Seth Rogen accepts that some of his jokes have not withstood the test of time, noting how some of his past wisecracks have “aged poorly.”
Speaking with Good Morning Britain on Tuesday, the Neighbors star discussed how opinions and cultural sensitivities change over time, which is why he understands that jokes will sometimes fall out of favor.
“There are certain jokes that for sure have not aged well, but I think that’s the nature of comedy,” said Rogen, when assessing how humor has evolved overtime. “Jokes are not things that necessarily are built to last.”
That is why the Emmy nominee has a hard time sympathizing with comedians complaining about cancel culture.
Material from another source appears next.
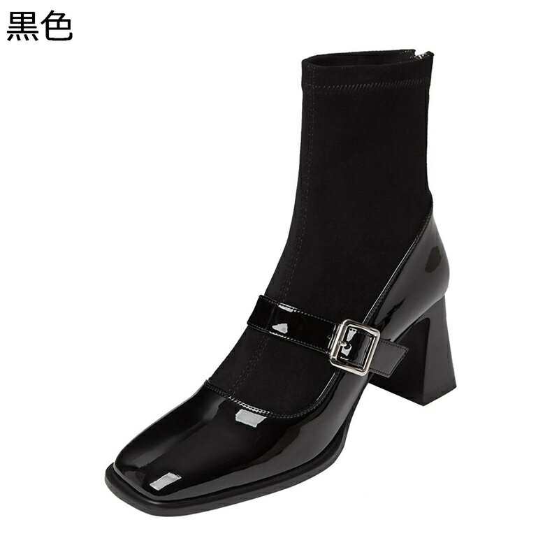 ブーティ ソックスブーツ レディース ショートブーツ ハイヒール8cm 粗いかかと エナメル メリー・・・

“To me when I see comedians complaining about this kind of thing, I don’t understand what they’re complaining about,” Rogen, 39, remarked. “If you’ve made a joke that’s aged terribly, accept it. And if you don’t think it’s aged terribly, then say that.”
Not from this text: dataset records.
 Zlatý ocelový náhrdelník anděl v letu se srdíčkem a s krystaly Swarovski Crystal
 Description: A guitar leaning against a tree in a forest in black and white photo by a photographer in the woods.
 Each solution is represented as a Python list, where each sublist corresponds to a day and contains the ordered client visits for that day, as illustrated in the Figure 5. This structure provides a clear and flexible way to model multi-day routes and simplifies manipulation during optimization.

The Superbad actor took his opinion a step further, explaining how fame comes at a price — criticism.
Adding that negative feedback is “one of the things that goes along with being an artist,” said Rogen, “If you don’t like that, then don’t be a comedian anymore.”
The Yearbook author also noted that, while some of his past jokes did age poorly, he has “never made a joke that’s outwardly horrific in some way.”
“Saying terrible things is bad, so if you’ve said something terrible, then it’s something you should confront in some way, shape, or form,” he added. “I don’t think that’s cancel culture. That’s you saying something terrible if that’s what you’ve done.”